Sounds like you're multiplying every component by an extra factor of [itex]\cos\phi[/itex] before integrating...why are you doing that?
 
  • #3
I thought because [tex] \lambda(\phi) = \lambda_0 cos(\phi) [/tex] so when you do the integral the cos doesn't pull out.
 
  • #4
venkman1080 said:
I thought because [tex] \lambda(\phi) = \lambda_0 cos(\phi) [/tex] so when you do the integral the cos doesn't pull out.

Yes, I overlooked that. Your answer looks good to me.
 
  • #5
I'm just having trouble visualizing why the answer is only in the i_hat. Can you help clarify this for me?
 
  • #6
Think symmetry.
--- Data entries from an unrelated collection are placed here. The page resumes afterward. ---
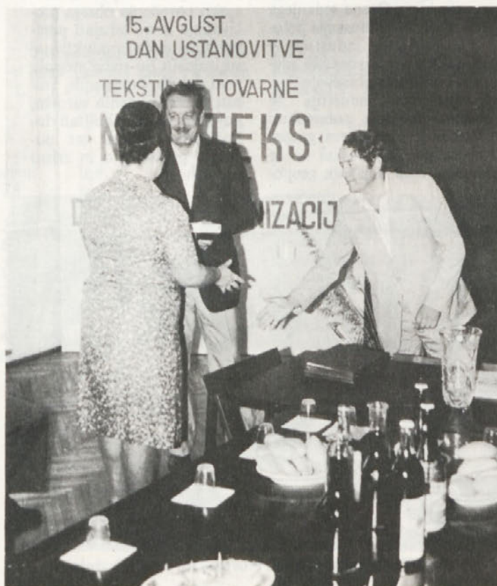
Obdaritev delavcev, ki so v podjetju 10, 20 in 30 let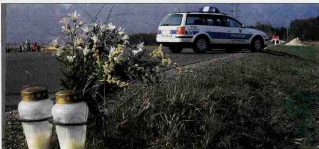
Dan po tem, ko se je v Kranju zgodila huda prometna nesreča s tremi smrtnimi žrtvami (na sliki), so poslanci državnega zbora sprejeli novelo zakona s poostrenimi kaznimi za večje prometne prekrške.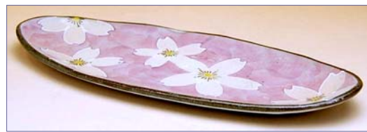
302070 花織 銘々皿 1 6 8 0 円 (本体価格 1 6 0 0 円) (径 22.3×9.2×高さ 1.7cm)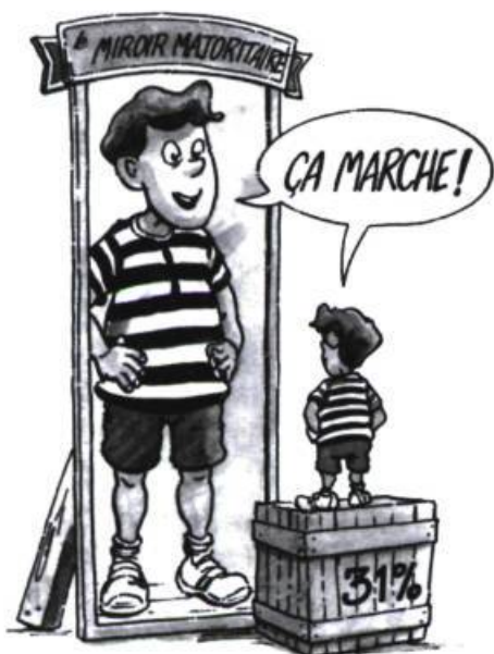
La démocratie, je la reconnais !

Dans La démocratie, je l'invente ! , il propose ainsi à ses jeunes lecteurs de faire partie du Grand Club Démocratique où ils auront les mêmes droits et la même liberté que tous les autres membres, à ceci près qu'ils auront également un devoir : celui de solidarité. Quel symbole plus marquant, pour la figurer, qu'une cordée d'alpinistes, « la fraternité à son plus beau 5 » ? Pourquoi ne pas s'inspirer du règne animal, aussi, de ce que Laurent Laplante nomme joliment « le grand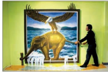
อินทรีย์ (อายุตนะ๖)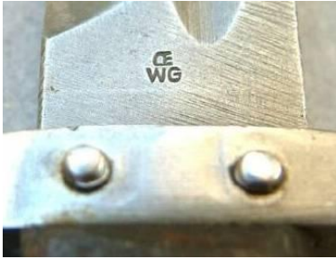
OEWG – Osterreichische Waffenfabrik Gesellschft, Steyr (Austria)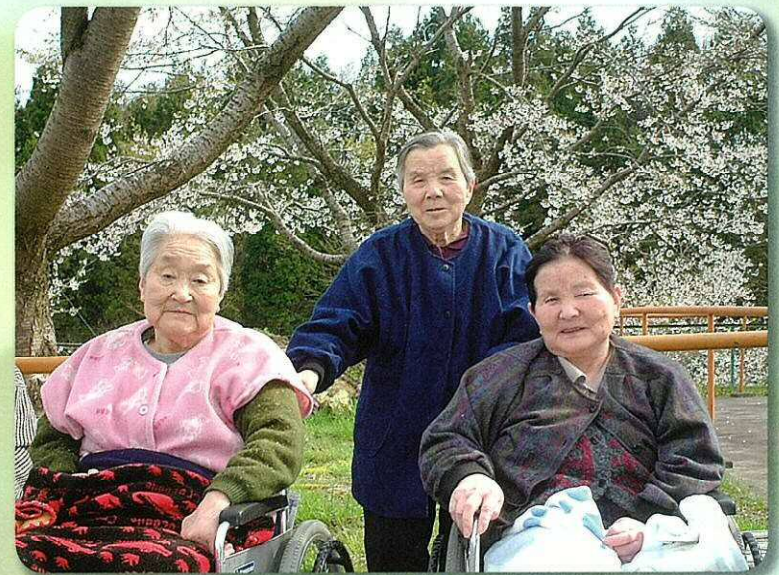
お花見/秋は紅葉狩りなど季節を味わう遠足があります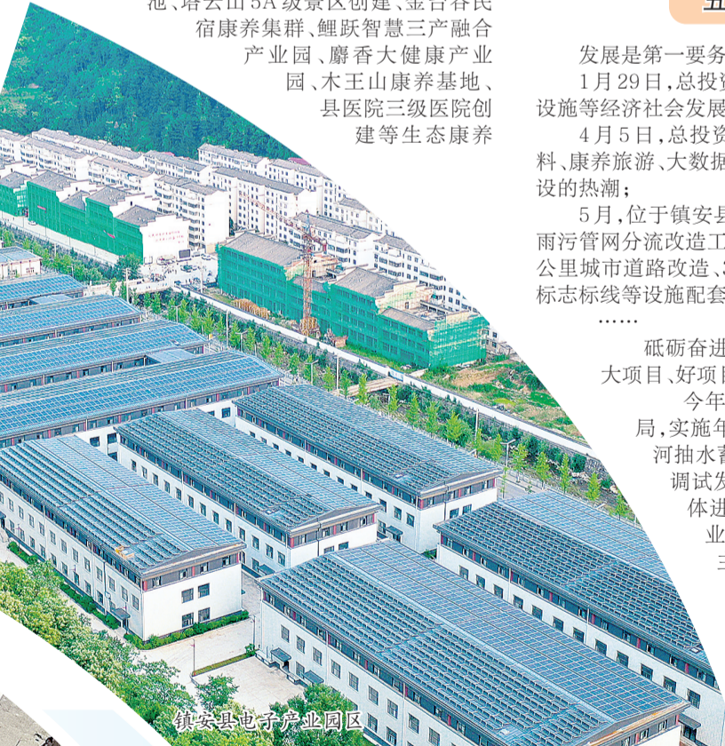
镇安生态休闲公园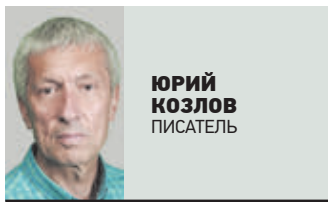
ЮРИЙ КОЗЛОВ ПИСАТЕЛЬ

Ф илософы Рима считали, что люди должны понуждаться к добродетели. Точно так же они должны понуждаться к культуре. В каждую эпоху эта проблема решается по-разному. Иногда новая культура растет на фундаменте прежней, иногда самоутверждается на ее обломках. Ранняя советская культура была воинственно враждебна буржуазной культуре царской России. В отвал ушли не только сброшенные с корабля современности Пушкин, но и классическая русская живопись, музыка, скульптура, архитектура, философия. До середины тридцатых годов советская культура существовала как «вещь в себе», эксплуатировавшая революционный пафос воставших против вековой несправедливости масс, выдавая шедевры типа «Броненосца «Потемкин» Эйзенштейна и поэм Маяковского. Ранняя советская культура была полна пафоса переустройства мира, но была лишена национального содержания. Это была культура изначально утопическая, ощутую выходящая на некие смутные всемирные идеалы всеобщего равенства, братства и счастья, которые противоречиво сочетались с жестокостями кровавой классовой борьбы.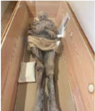
Die Stiftskirche beherbergt 3 Klosterherren als Mumien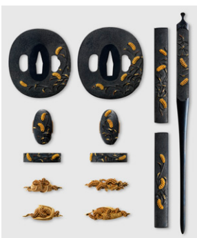
【5】 粟穂図大小揃金具 荒木東明作 日本・江戸時代 19世紀 個人蔵(光村利藻旧蔵)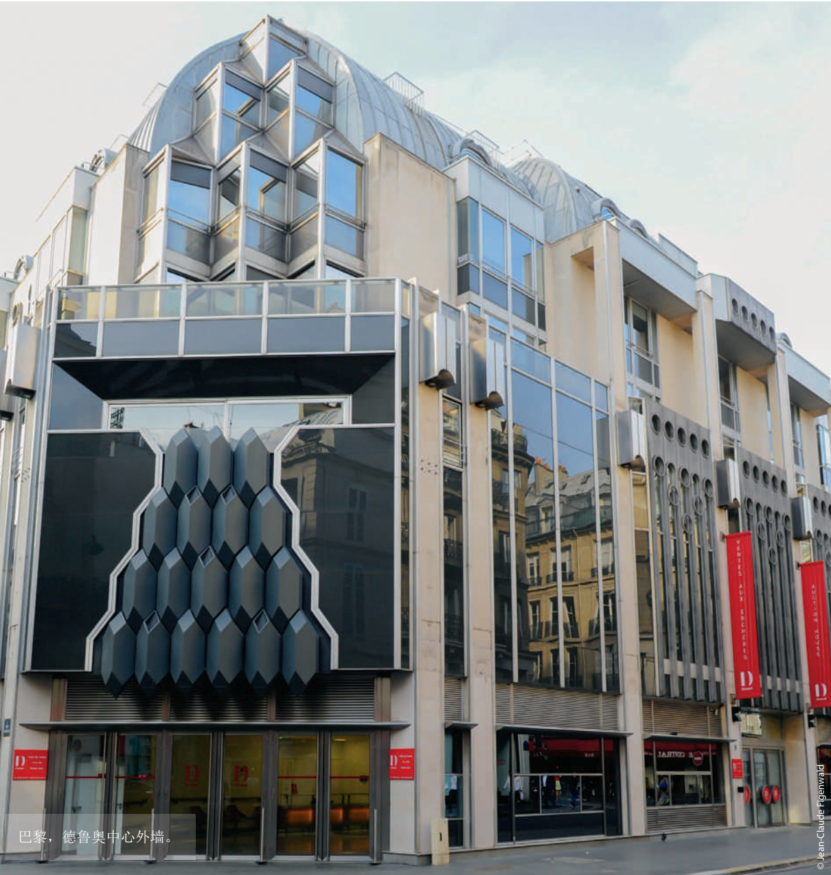
巴黎，德魯奧中心外牆。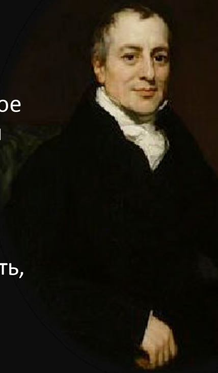
Давид Рикардо «Начала политической экономии и налогового обложения» (1817г.)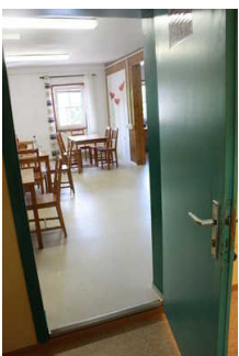
Tür zum Speiseraum

For every spot on the ring, there's a spot on the opposite side with the same charge in magnitude but with opposite sign.
 

1. How do you calculate the electric field for a ring of non-uniform charge per length?

The formula for the electric field at a point on the axis of a ring of non-uniform charge is given by E = (kλz/R^2) * ∫(1/√(R^2 + z^2 - 2Rzcosθ) * dq), where k is the Coulomb's constant, λ is the charge per length, z is the distance from the center of the ring, R is the radius of the ring, and θ is the angle between the radius vector and the horizontal axis.
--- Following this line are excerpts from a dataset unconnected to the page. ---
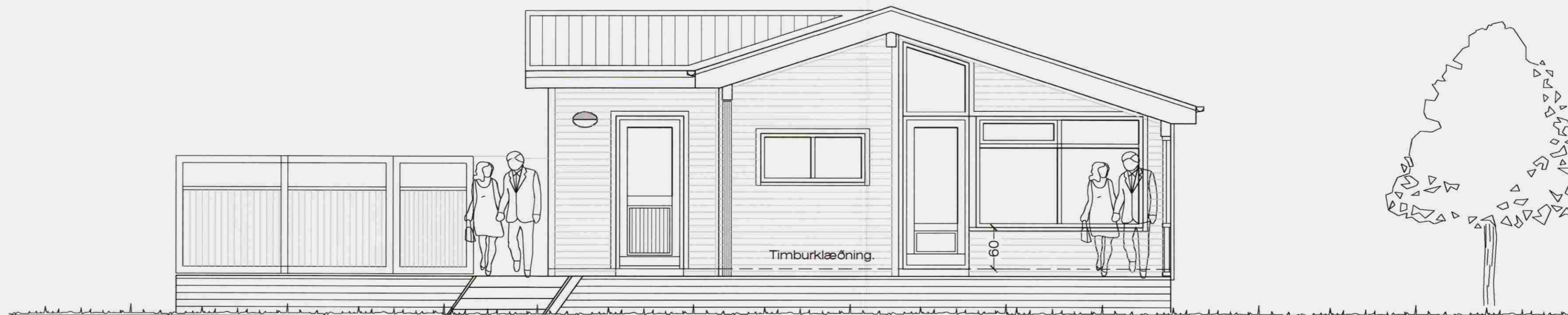
Suð - vesturhlíð. 1 : 50

Kjarrengrí 3, í landi Miðengis. Útlit - Sneiðing. VERK. NR. 19.-3.-2008 MÁL. 1:50 TEIKN. NR. 03 BREYTT. JÓN GUÐMUNDSSON ARKITEKT Jón Guðmundsson VINNUSTOFA SUÐURLANDSBRÁUT 16 REYKJAVÍK SÍMI 552 5055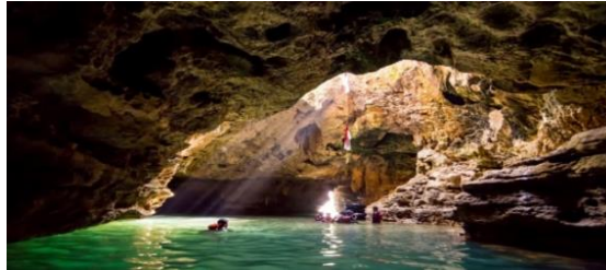
Gambar 8. Sumur Eluh Berru Tinam

Sumur Eluh Berru Tinambunen mempunyai pesona berbeda dan alam sekitar yang terjaga baik membuat semua kecantikan menjadi satu. Lokasinya di Rumerah, Kec. Sitellu Tali Urang Julu, Kab. Pakpak Bharat.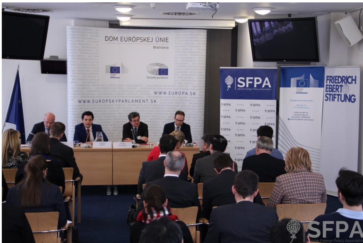
OSCE in light of (old) new challenges, Bratislava – 7. marec 2017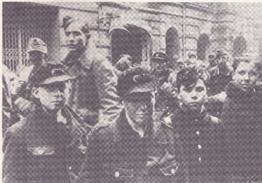
The "soldiers" of the Berlin defense, aged between 12 and 15, photographed after capture. This picture was released to the author by the Russians. Below, the Volkssturm Home Guard, some in their seventies.

2. How does the electric field vary along the axis of a ring of non-uniform charge per length?

The electric field varies along the axis of a ring of non-uniform charge per length due to the non-uniform distribution of charge. As the distance from the center of the ring increases, the electric field decreases due to the inverse square relationship between distance and electric field strength.
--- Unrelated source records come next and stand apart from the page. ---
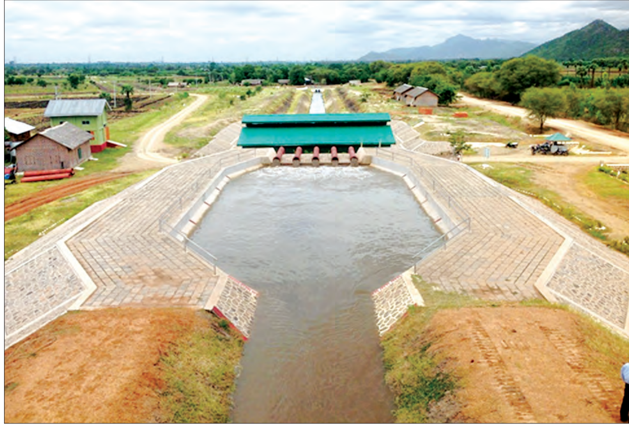
ရွှေလုံဗိုလ်မြစ်ရေတင် စီမံကိန်းအား တွေ့ရစဉ်

သတင်း ရဲခေါင်ညွှန်၊ မြတ်သန္တမောင် ရန်ကုန် မေ ၉ မြန်မာနိုင်ငံတစ်ဝန်းတွင် ဆောင်ရွက်ပြီး ဆောင်ရွက်ဆဲ မြစ်ရေတင်လုပ်ငန်း ၃၇၉ ခု ရှိသည့်အနက် မြစ်ရေတင်လုပ်ငန်း ၁၇၀ ကို ဖျက်သိမ်းရန် စီစဉ်လျက်ရှိကြောင်း ဆည်မြောင်းနှင့်ရေအသုံးချီစီမံခန့်ခွဲရေးဦးစီးဌာန ညွှန်ကြားရေးမှူးချုပ် ဦးကျော်မြင့်လှိုင်ထံမှ သိရသည်။ “မြစ်ရေတင်လုပ်ငန်းပေါင်း ၃၇၉ ခု ရှိတဲ့အထဲကမှ ၁၇၀ ကို ကျွန်တော်တို့ လုံးဝဖျက်သိမ်းဖို့ အနေအထားရှိပါတယ်။ ဖျက်သိမ်းမယ့် မြစ်ရေတင်လုပ်ငန်းတစ်ခုချင်းအလိုက်လည်း စာအုပ်ပေါင်း ၁၇၀ လုပ်ပြီး တင်ပြထားပါတယ်။ ဝန်ကြီးကလည်း လက်ခံထားတယ်။ အစိုးရအဖွဲ့ကို ဆက်တင်သွားမယ်” ဟု ဦးကျော်မြင့်လှိုင်က ပြောသည်။ မြန်မာတစ်နိုင်ငံလုံးရှိ ဆောင်ရွက်ပြီး ဆောင်ရွက်ဆဲ မြစ်ရေတင် စီမံကိန်းများတွင် လျှပ်စစ်ဓာတ်အား တစ်ဆက်တစ်စပ်တည်းရရှိမှု လျော့နည်းခြင်း၊ ဦးအား စာမျက်နှာ ၈ ကော်လံ ၅ ❖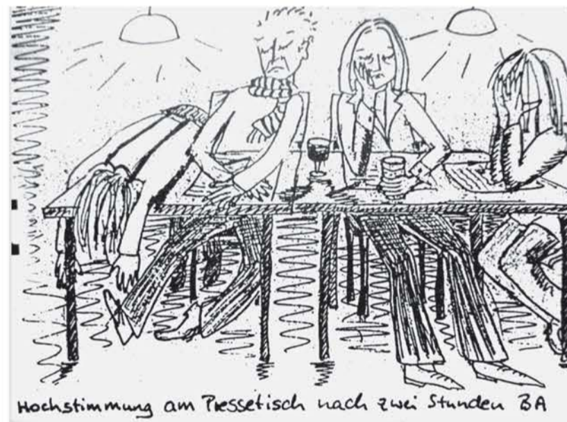
BA-Berichterstattung (Ausgabe 2/1999)

„Kellerstraße: Sanierung gescheitert – ‚Schärfl‘ nimmt sein Scherfl mit“: „Die Metallbaufirma ‚Schärfl‘ gibt ihren Sitz an der ... Kellerstraße auf. Besiegelt ist damit der Verlust von 15 Arbeitsplätzen. ... Unbemerkt von der Öffentlichkeit schwelte ... ein zäher Streit zwischen der Metallbaufirma und der städtischen Verwaltung. Vergeblich klagte der Betrieb gegen die neue Tram. Bei der Suche nach geeigneten Zufahrtswegen stieß ‚Schärfl‘ beim Planungsreferat auf fehlendes Entgegenkommen.“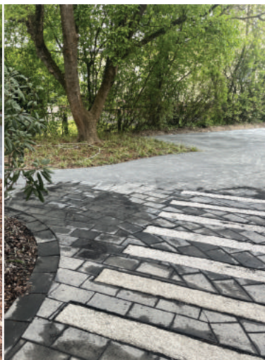
Zebrastrreifen – sicheren und trockenen Fußes in die KiTa!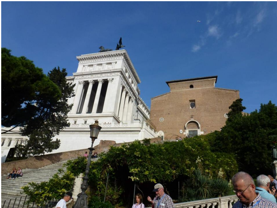
Bazilika S. Maria d'Aracoeli nalazi se danas na brežuljku iza Oltara domovine (Prilaznih stuba do glavnog ulaza u Baziliku je 122 s lijeve strane a 124 s desne)

Na tome mjestu u XII. i XIII. stoljeću sagrađena je crkva Basilica Santa Maria in Araecoli .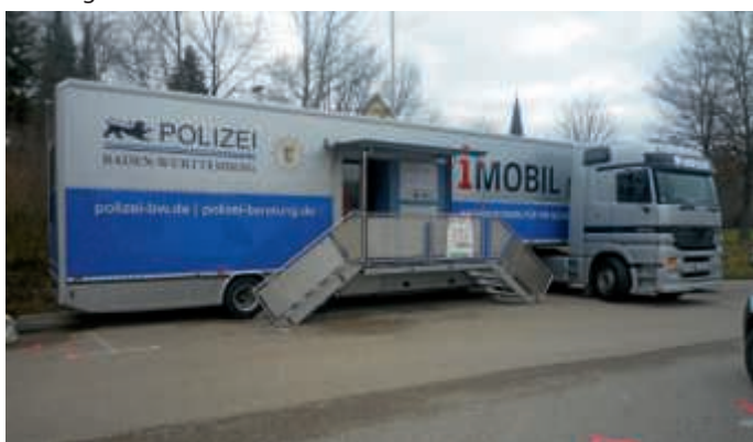
„Sicher Wohnen – Einbruchschutz“ i Moibil zu Besuch in Bruchsal

Im so genannten „i MOBIL“ bekommen Sie die richtigen Tipps zur Sicherung von Fenstern, Türen und anderen Bereichen des Hauses, der Wohnung oder auch des gewerblichen Objektes. Eine Vielzahl von Exponaten, von der einfachen Fenster- bzw. Türsicherung bis zur Überfall- und Einbruchmeldeanlage machen deutlich, wie man sich wirkungsvoll schützen kann.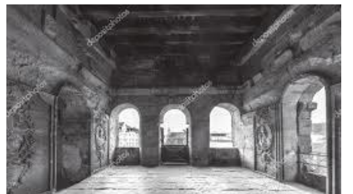
पोर्टा निग्राको छत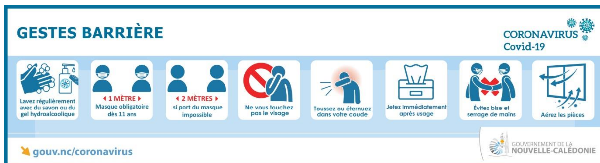
Tableau de bord de la crise : https://georep.nc/carto-thematique/sante-securite-et-civisme/covid-19

Point vaccinal : https://gouv.nc/vaccination

3. What is the difference between a ring of non-uniform charge and a ring of uniform charge?

A ring of non-uniform charge has a varying charge density along its circumference, whereas a ring of uniform charge has the same charge density at every point along its circumference. This difference affects the calculation of the electric field, as a ring of non-uniform charge requires integration to take into account the varying charge density.

4. Can the electric field for a ring of non-uniform charge per length be negative?

Yes, the electric field for a ring of non-uniform charge per length can be negative. This occurs when the distance from the center of the ring is greater than the radius of the ring, resulting in a negative value for the electric field. It is important to pay attention to the direction of the electric field, as it can be either positive or negative depending on the point of observation.

5. How can the electric field for a ring of non-uniform charge per length be used in practical applications?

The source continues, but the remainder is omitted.